A month ago, Zero Hedge first reported that Bill Gross had taken the stunning decision to bring his Treasury exposure from 12% to 0%: a move which many interpreted as just business, and not personal: after all Pimco had previously telegraphed its disgust with US paper, and was merely mitigating its exposure. This time, in another Zero Hedge first, we discover that it is no longer business for Bill - it has now become personal (and with an attendant cost of carry). In March, Pimco's flagship Total Return Fund (TRF) has now taken an active short position in US government debt: -3% on a Market Value basis (or $7.1 billion), and a whopping -18% on a Duration Weighted Exposure basis. And confirming just what PIMCO thinks of US-related paper is the fact that the world's largest "bond" fund now has cash, at a stunning $73 billion, or 31% of all assets, as its largest asset class on both a relative and absolute basis. We repeat: cash is more than PIMCO's holdings of Treasurys and Mortgage securities ($66 billion) combined. To paraphrase: in March PIMCO was dumping everything related to US rates (see chart below).

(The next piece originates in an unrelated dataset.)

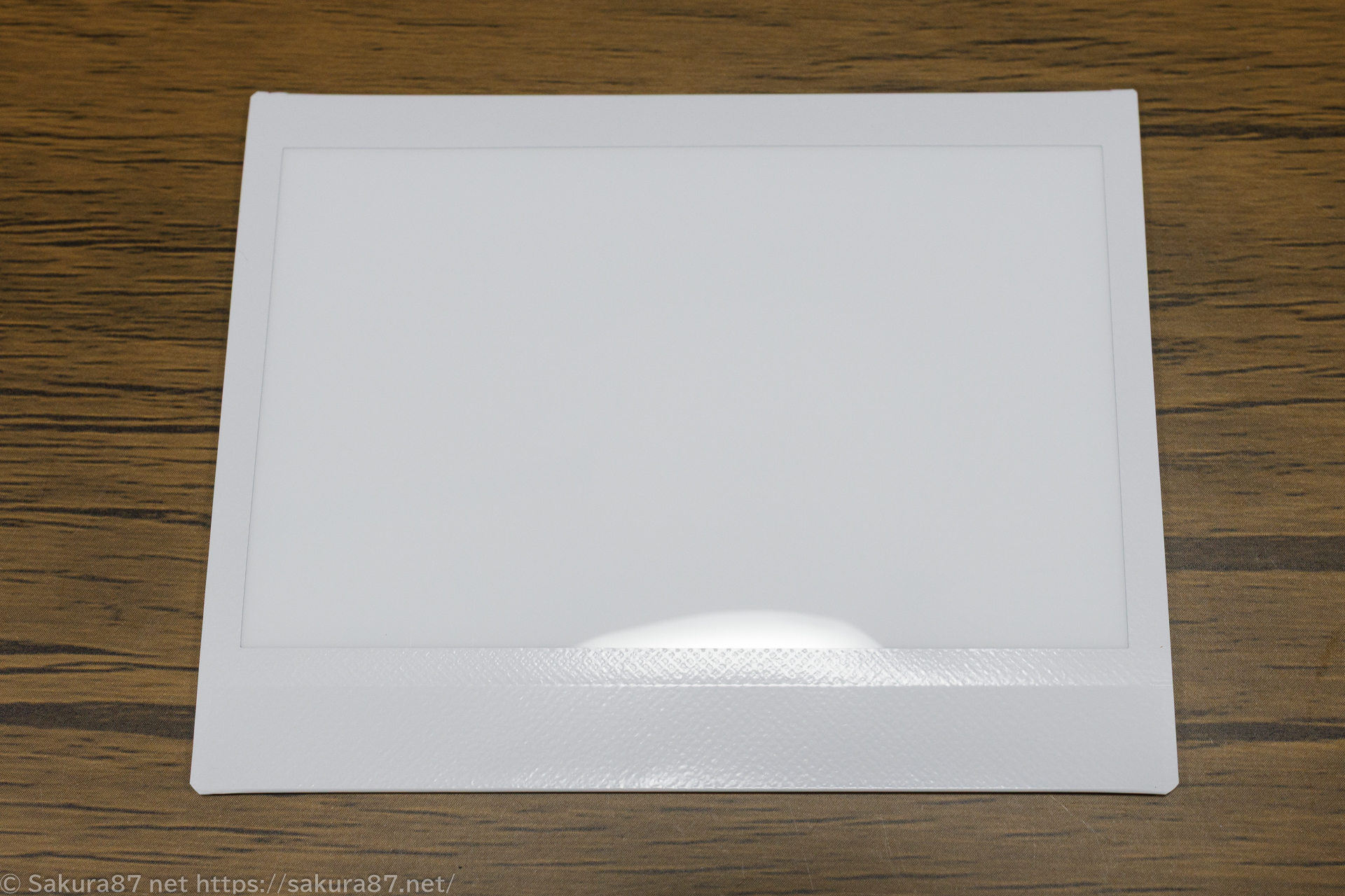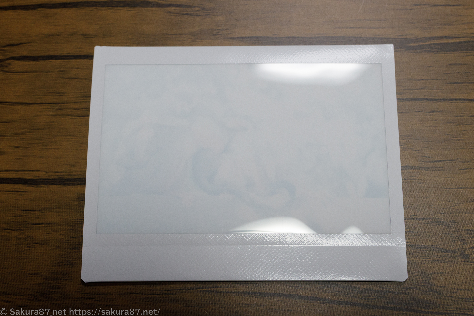 インスタントカメラのフィルムはフィルムの端に現像液が入っていて、排出時にローラーで押し出され、そこから徐々に現像されるので最初は真っ白です。

This is the first net short position that PIMCO has had in Government-related debt since the Great Financial Crisis of 2008, and going positive in February of 2009 only after it became clear that the Fed would commence monetizing US debt one month later. This is the closest that Gross has come to making a political statement and is now without doubt putting his money where his mouth is. The only event that could possibly derail Gross' thinking is a huge market crash forcing a rush to Treasury safety. Alas, as has been made all too clear recently, US debt is no longer the safe haven it once was. Which begs the question: when will the TRF break out a "gold" asset holdings line item.
And another side effect of the firm's scramble away from debt and into cash is that the effective duration of TRF is now down to 3.6: only the second lowest since the 3.38 posted in December of 2008... when the world was on the verge of ending.
That Bill Gross is willing to risk a surge in redemptions (after all who would be wiling to pay PIMCO to manage a third of their assets in the form of supposedly devaluating cash) in order to make a statement about the credibility of the US government, and specifically the viability of its IOUs, is easily the only thing that the US government has to consider when evaluating the prospects for funding trillions and trillions of US deficits at "acceptable" rates in the absence of further quantitative easing by the Chairman.
If Gross is indeed right, something very wicked this way comes.